* DIRECTIONS FOR THIS TASK
The records below are to be set down word for word, with every picture left out.

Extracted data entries
:::::

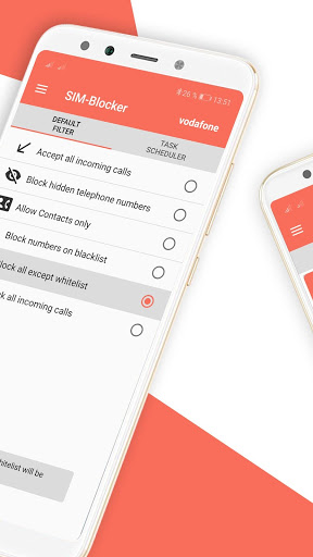 O bloqueador de SIM e o filtro de chamadas é o melhor bloqueador de chamadas da Playstore, devido à sua funcionalidade de bloqueador de chamadas dual SIM, este é o primeiro aplicativo que bloqueia chamadas Dual SIM para dispositivos Android. Se você possui um smartphone com dois cartões SIM, pode definir o modo de bloqueio para cada cartão SIM separadamente. Esta função de controle de chamadas é compatível com quase todos os dispositivos Android 7.0 e mais recentes.
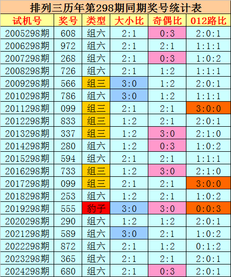 012路分析:历史上排列三第298期同期奖号中,012路奖号总个数比为30:7:23,012路奖号轮空期数比为2:13:4,今年第298期预计2路号码走冷轮空,看好012路比开出2:1:0。
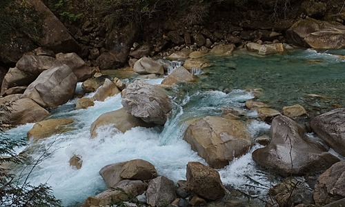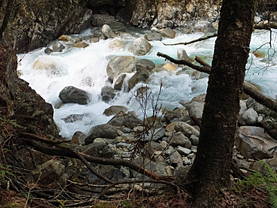 | イワウチワの大群落を期待してうなり島を目指す ここはしぶきを上げて流れる急流 |
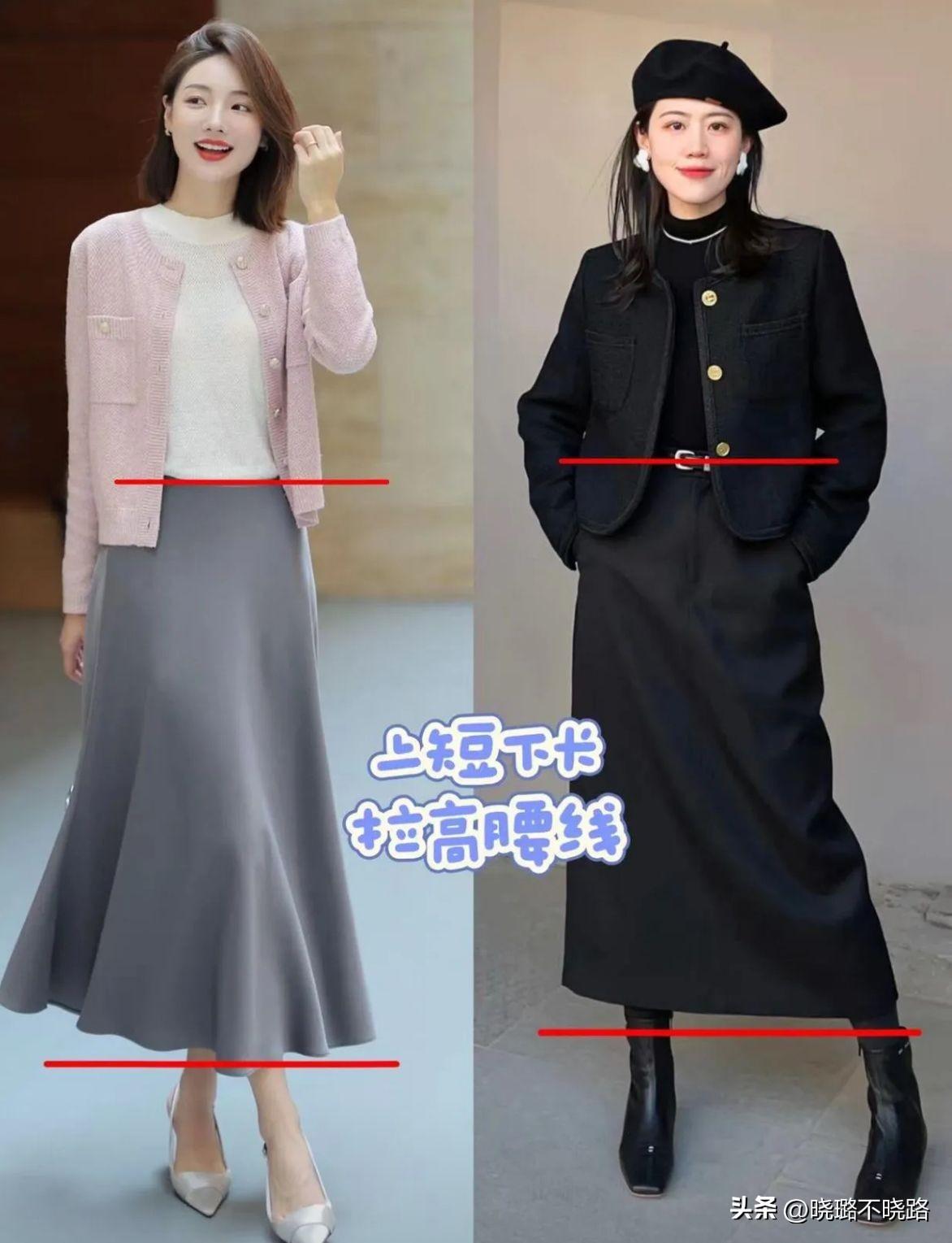 穿裙子要掌握好技巧,纔不會顯得單調無趣,秋冬季節想要顯瘦顯高,就要拿捏“上短下長”的技巧。
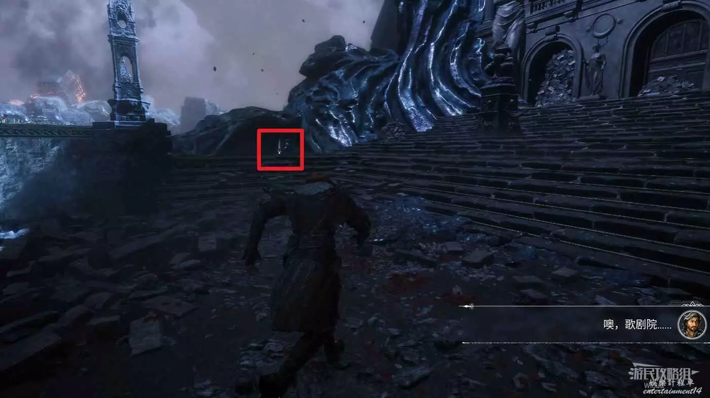 進入建築,沿著右側樓梯爬上去可撿到一個【靈光色】,裡面房間啟動旗幟【歌劇院】。

:::::

* TASK OUTPUT
 O bloqueador de SIM e o filtro de chamadas é o melhor bloqueador de chamadas da Playstore, devido à sua funcionalidade de bloqueador de chamadas dual SIM, este é o primeiro aplicativo que bloqueia chamadas Dual SIM para dispositivos Android. Se você possui um smartphone com dois cartões SIM, pode definir o modo de bloqueio para cada cartão SIM separadamente. Esta função de controle de chamadas é compatível com quase todos os dispositivos Android 7.0 e mais recentes.
 012路分析:历史上排列三第298期同期奖号中,012路奖号总个数比为30:7:23,012路奖号轮空期数比为2:13:4,今年第298期预计2路号码走冷轮空,看好012路比开出2:1:0。
 | イワウチワの大群落を期待してうなり島を目指す ここはしぶきを上げて流れる急流 |
 穿裙子要掌握好技巧,纔不會顯得單調無趣,秋冬季節想要顯瘦顯高,就要拿捏“上短下長”的技巧。
 進入建築,沿著右側樓梯爬上去可撿到一個【靈光色】,裡面房間啟動旗幟【歌劇院】。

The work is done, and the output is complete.